In the first embodiment of the invention, it is expedient if the heat conductors consist of multiple constituent parts which are releasably connected to one another. For the cleaning of the container, the heat transfer body and those sections of each heat conductor which project into the container can be dismounted without any problems.
In order to reduce the humidity of the gas mixture by condensation, at least one condensation surface is arranged in the inner chamber. The condensation surface is a defined surface which is different from the inner surfaces of the housing. Due to the separation of the condensation surface from the housing, it is possible for uncontrolled condensation and accumulations of condensed water to be avoided in the housing.
Contamination of the inner chamber of the incubator by condensing moisture is avoided particularly effectively in an embodiment of the present invention in that the moisture of the gas mixture condenses on the surface of the liquid in the container, which surface at the same time forms the condensation surface. The heat is transferred from the liquid surface to the cooling body arranged outside the housing with the aid of the at least one heat conductor. For this purpose, an end of each heat conductor which is remote from the cooling body dips into the liquid. To improve the heat transfer, the end of the at least one heat conductor is connected in a heat-conducting manner to a heat exchange body, wherein the heat exchange body dips at least partially, but preferably completely, into the liquid. The heat exchange body likewise consists of a material with good heat conductivity, such as for example copper or aluminum.
In a preferred embodiment, the heat exchange body is arranged in such proximity to the bottom of the container that the heat exchange body is still completely covered by liquid in the case of a lowest liquid level in the container being reached. Starting from the heat exchange body, each heat conductor may be led out of the container via the water surface through the opening exposing the surface. Alternatively, it is possible for the heat conductor to be led out through a wall of the container.
In a second embodiment of the invention, the moisture condenses on the surface of a heat exchange body which is separate from the incubator housing and which is arranged in the inner chamber of the incubator. In this case, the surface of the heat exchange body forms the condensation surface. The heat exchange body consists of material with good heat conductivity, such as for example copper or aluminum. Connected to the heat exchange body is the at least one heat conductor for transferring the heat from the heat exchange body to the cooling body arranged outside the housing.
In order to enlarge the condensation surface formed by the heat exchange body, the heat exchange body may be structured, for example by lamellae which are arranged parallel to one another.
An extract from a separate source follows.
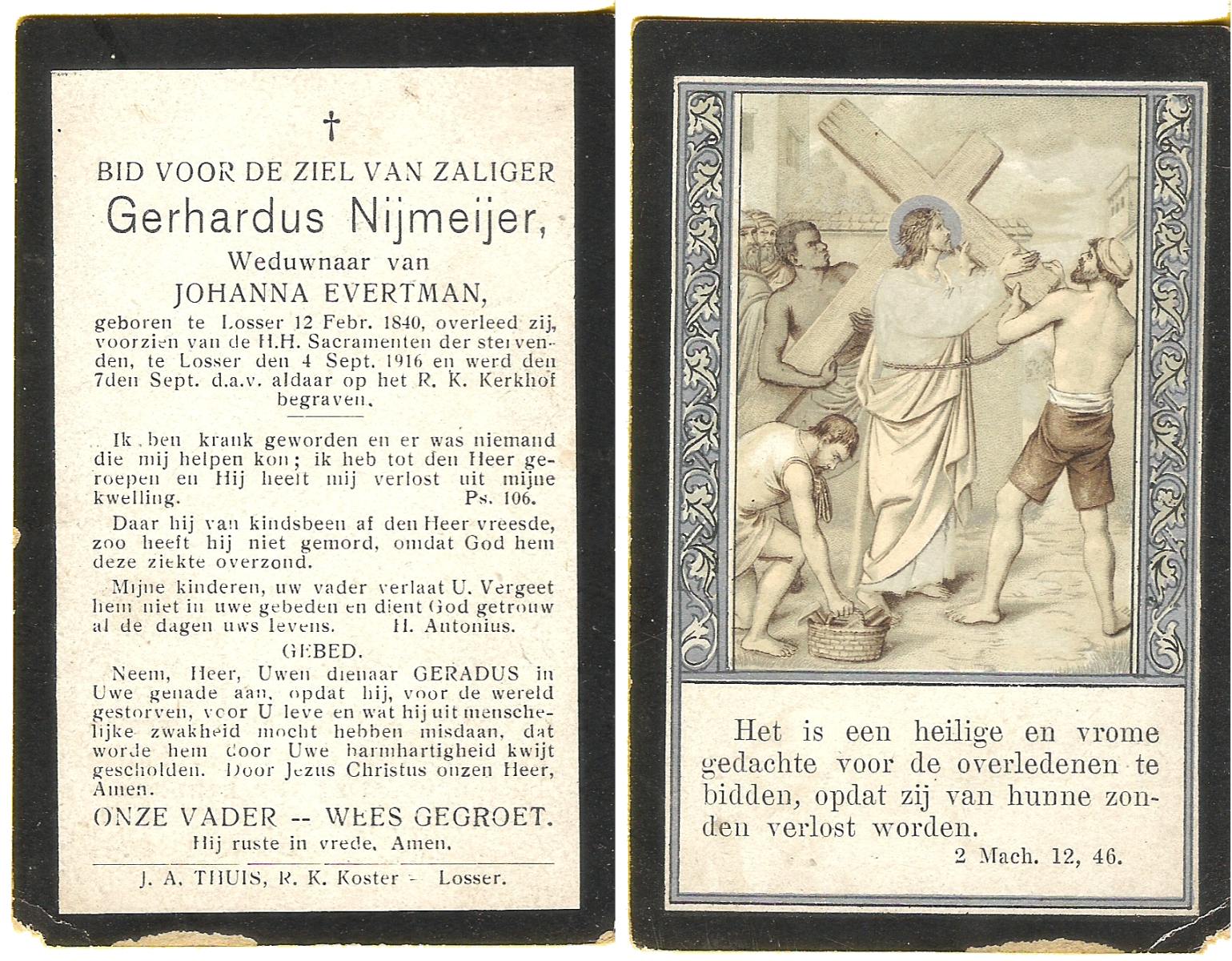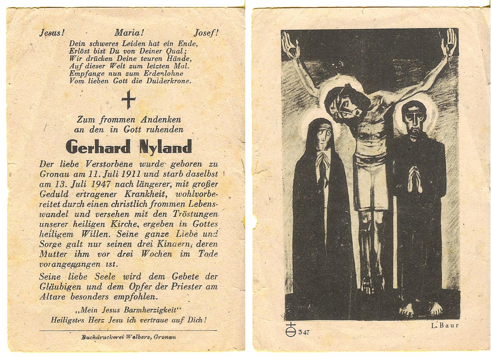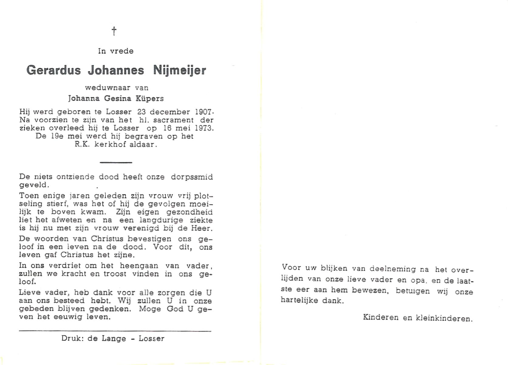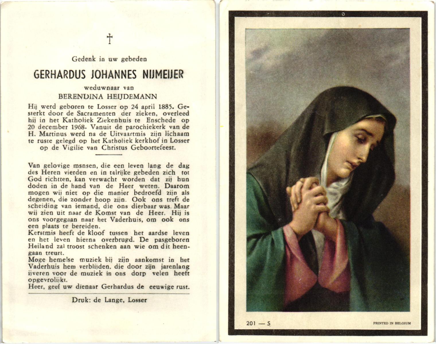 NIJLAND, Gerhardus Antonius, geboren op 03-08-1893 te Overdinkel, overleden op 17-12-1959 te Losser op 66-jarige leeftijd, begraven op 21-12-1959 te Overdinkel.

In order to avoid contamination of the inner chamber as a result of moisture condensing on the heat exchange body, the heat exchange body is arranged above the at least one opening in the container such that the condensate flows or drips directly into the liquid container arranged below the heat exchange body.
In both embodiments of the incubator according to the present invention, the heat transfer from the cooling body to the ambient air is able to be varied by varying the flow of the ambient air along the heat-emitting surfaces of the cooling body by at least one fan. The fan is for example an axial fan whose axis of rotation is substantially perpendicular to the wall to which the cooling body is fastened. The fan is expediently fastened to the cooling body, with the result that the cooling body and the at least one fan form a structural unit.
The fan may be integrated into the humidity regulation so that the air throughput through the cooling body is able to be reduced if required. A reduction in the air throughput allows the continuous transfer of heat to the cooling body to be reduced, with the result that low evaporative capacity is required in the case of high target values for the humidity of the gas mixture. In particular, the fan(s) may be switched off or have their rotational speed reduced to achieve high target values of the humidity of the gas mixture.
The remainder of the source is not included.